**Dataset entries**
Start of Block
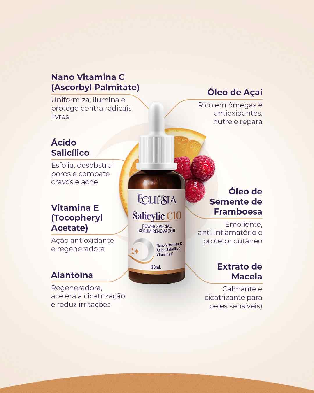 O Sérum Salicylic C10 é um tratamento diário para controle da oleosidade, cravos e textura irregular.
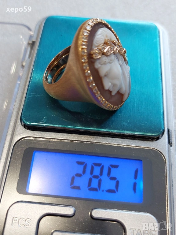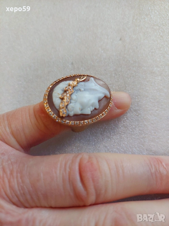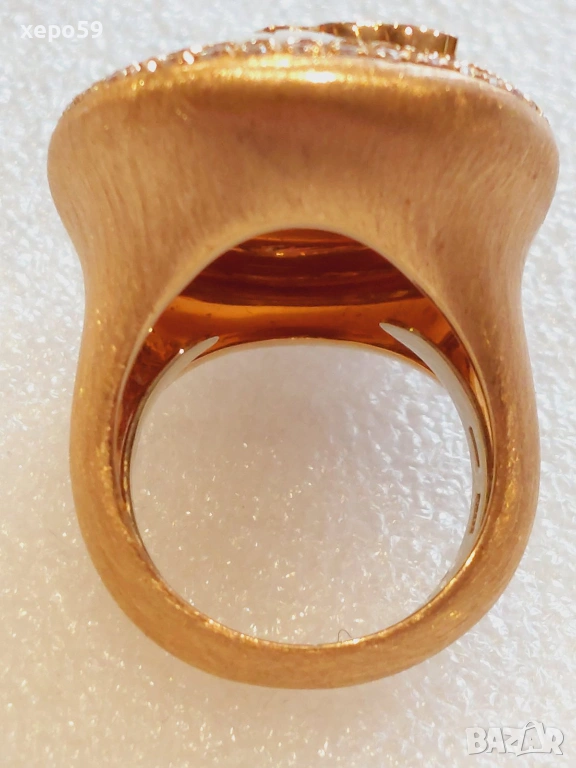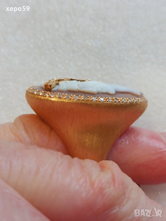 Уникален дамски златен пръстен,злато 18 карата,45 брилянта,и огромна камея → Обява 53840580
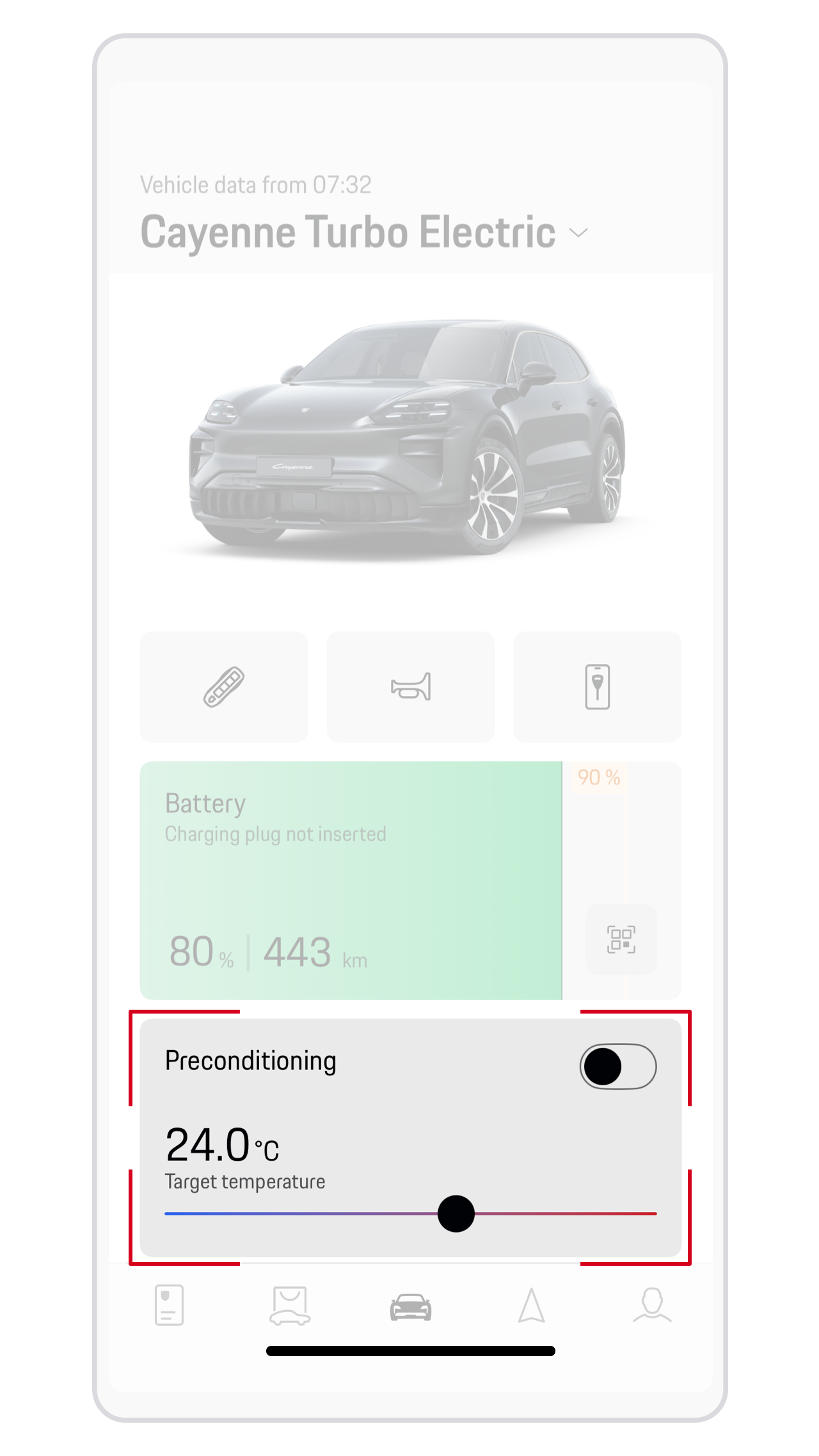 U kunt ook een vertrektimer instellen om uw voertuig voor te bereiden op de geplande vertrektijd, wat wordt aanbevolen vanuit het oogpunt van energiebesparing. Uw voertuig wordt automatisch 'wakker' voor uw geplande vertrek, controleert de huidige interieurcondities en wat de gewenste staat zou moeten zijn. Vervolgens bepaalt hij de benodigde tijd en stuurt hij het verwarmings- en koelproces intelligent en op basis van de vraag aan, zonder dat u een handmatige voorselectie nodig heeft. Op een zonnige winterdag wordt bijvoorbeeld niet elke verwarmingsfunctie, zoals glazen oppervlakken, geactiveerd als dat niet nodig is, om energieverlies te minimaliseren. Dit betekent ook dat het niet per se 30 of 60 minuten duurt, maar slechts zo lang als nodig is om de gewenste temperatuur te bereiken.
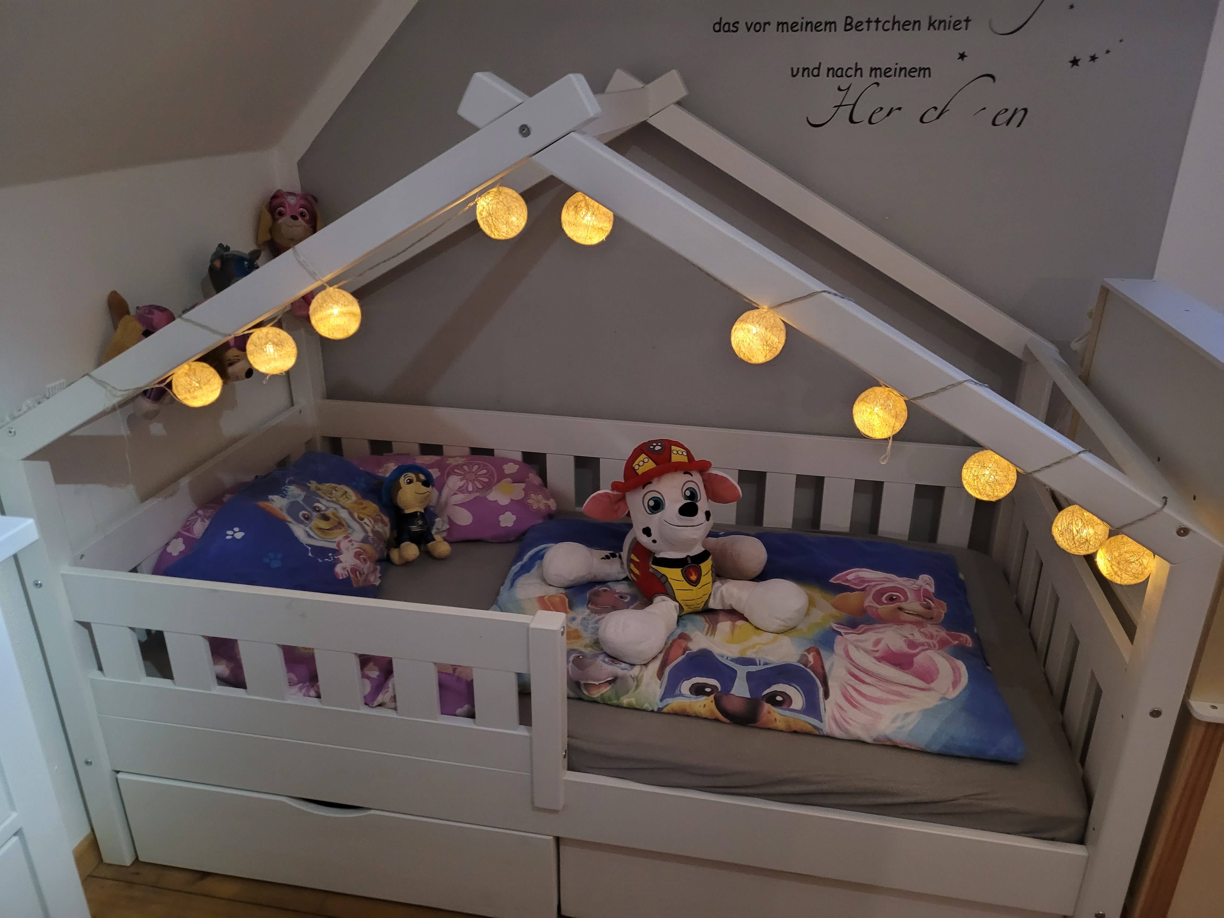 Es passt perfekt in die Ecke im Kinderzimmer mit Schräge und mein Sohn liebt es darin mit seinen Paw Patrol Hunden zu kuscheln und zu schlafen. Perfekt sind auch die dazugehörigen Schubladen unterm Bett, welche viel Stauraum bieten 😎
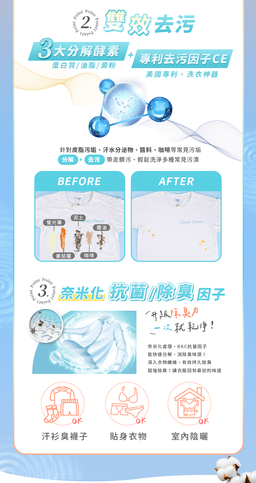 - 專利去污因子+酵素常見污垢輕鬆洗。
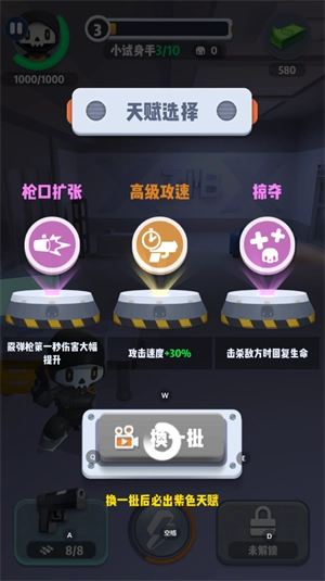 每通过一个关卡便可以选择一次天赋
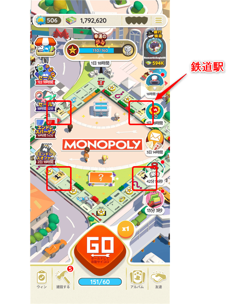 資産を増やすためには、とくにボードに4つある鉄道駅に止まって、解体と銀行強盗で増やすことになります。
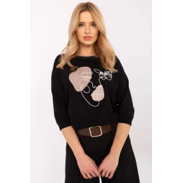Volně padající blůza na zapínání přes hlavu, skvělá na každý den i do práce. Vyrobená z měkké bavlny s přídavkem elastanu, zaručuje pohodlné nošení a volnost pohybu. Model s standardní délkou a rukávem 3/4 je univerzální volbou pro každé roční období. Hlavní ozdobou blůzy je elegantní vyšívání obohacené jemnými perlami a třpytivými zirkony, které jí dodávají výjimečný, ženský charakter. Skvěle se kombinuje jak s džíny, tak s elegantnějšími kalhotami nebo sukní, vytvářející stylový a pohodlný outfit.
End of Block
**Exercise objective**
Return the stretch of data that begins with the line showing "Уникален дамски златен" and goes on through the line showing "U kunt ook een", exactly, with pictures removed.

**Written solution**
 Уникален дамски златен пръстен,злато 18 карата,45 брилянта,и огромна камея → Обява 53840580
 U kunt ook een vertrektimer instellen om uw voertuig voor te bereiden op de geplande vertrektijd, wat wordt aanbevolen vanuit het oogpunt van energiebesparing. Uw voertuig wordt automatisch 'wakker' voor uw geplande vertrek, controleert de huidige interieurcondities en wat de gewenste staat zou moeten zijn. Vervolgens bepaalt hij de benodigde tijd en stuurt hij het verwarmings- en koelproces intelligent en op basis van de vraag aan, zonder dat u een handmatige voorselectie nodig heeft. Op een zonnige winterdag wordt bijvoorbeeld niet elke verwarmingsfunctie, zoals glazen oppervlakken, geactiveerd als dat niet nodig is, om energieverlies te minimaliseren. Dit betekent ook dat het niet per se 30 of 60 minuten duurt, maar slechts zo lang als nodig is om de gewenste temperatuur te bereiken.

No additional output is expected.